• **The problem**: Leave the pictures out and write out the rest of the listing word for word.

• **Data excerpt**:
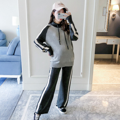 Áo len giảm giá 2018 mới mùa thu đông thời trang Hàn Quốc áo trùm đầu ra ngoài giản dị hai mảnh ao bau Áo thai sản
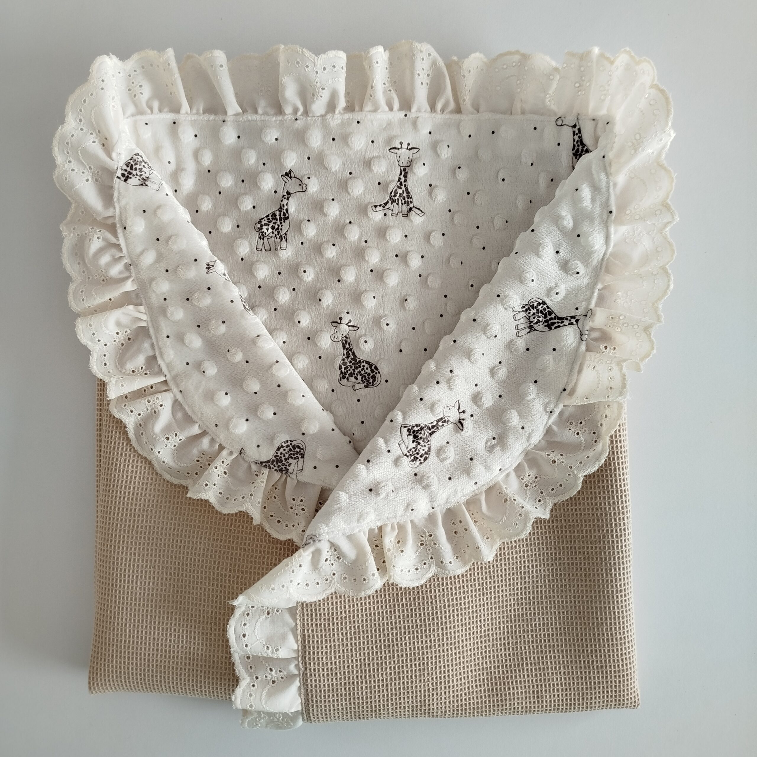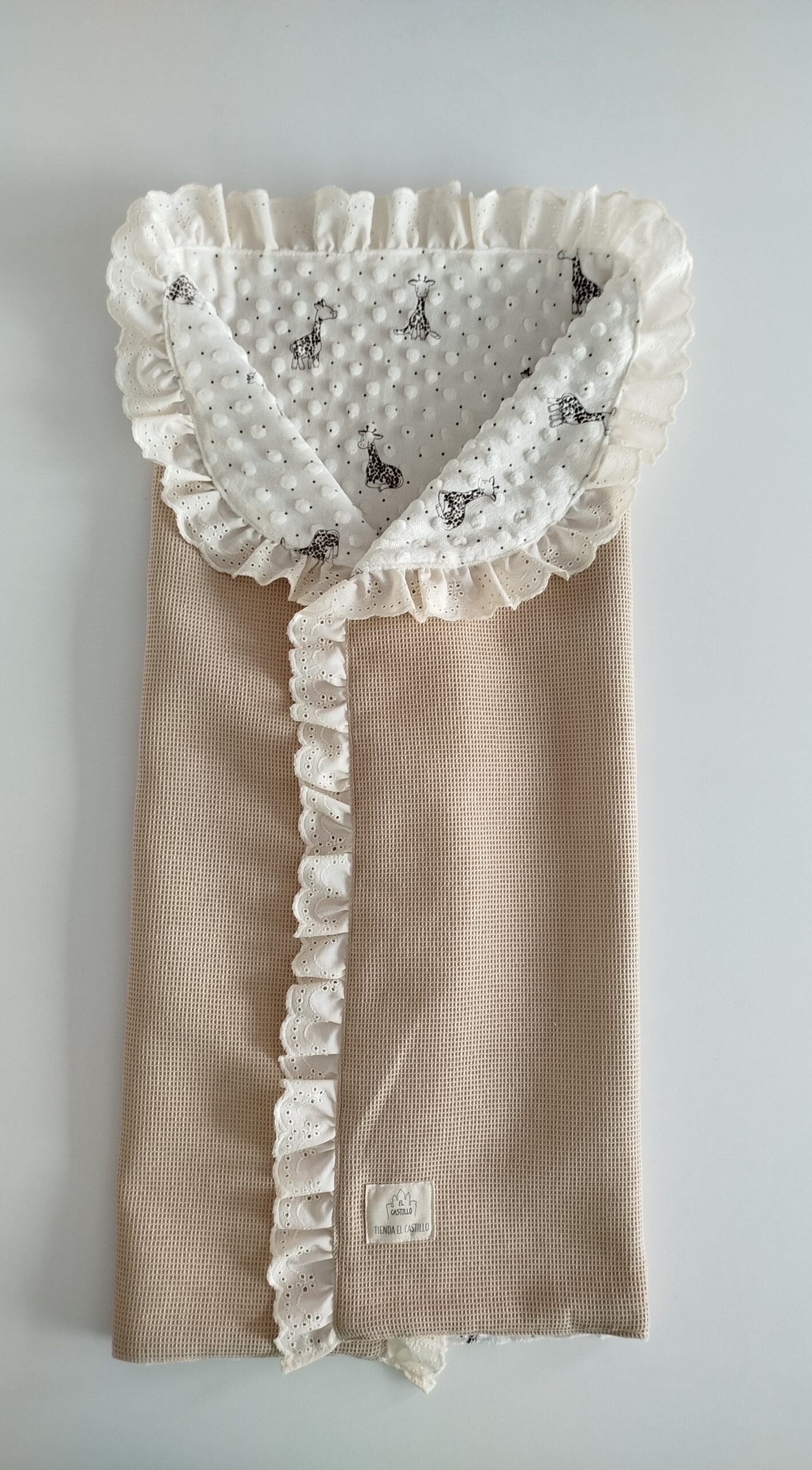 Arrullo reversible de invierno con pique de waffle, el interior de coralina con dibujo de jirafas.
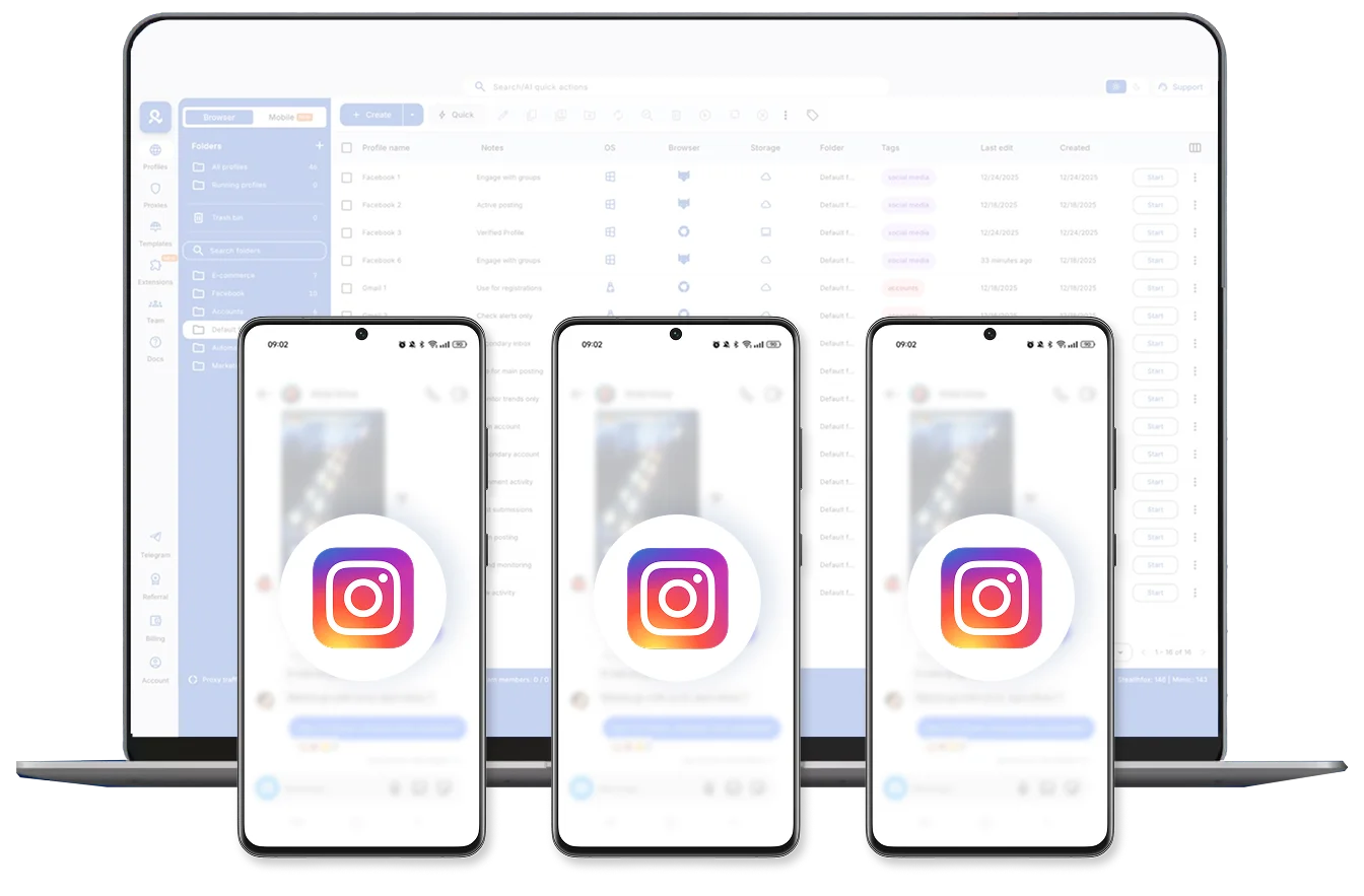 Multilogin makes managing multiple Instagram accounts easier. It keeps sessions stable, organizes accounts in one place, and provides all the tools you need for efficient, consistent performance.

• **Your solution**:
 Áo len giảm giá 2018 mới mùa thu đông thời trang Hàn Quốc áo trùm đầu ra ngoài giản dị hai mảnh ao bau Áo thai sản
 Arrullo reversible de invierno con pique de waffle, el interior de coralina con dibujo de jirafas.
 Multilogin makes managing multiple Instagram accounts easier. It keeps sessions stable, organizes accounts in one place, and provides all the tools you need for efficient, consistent performance.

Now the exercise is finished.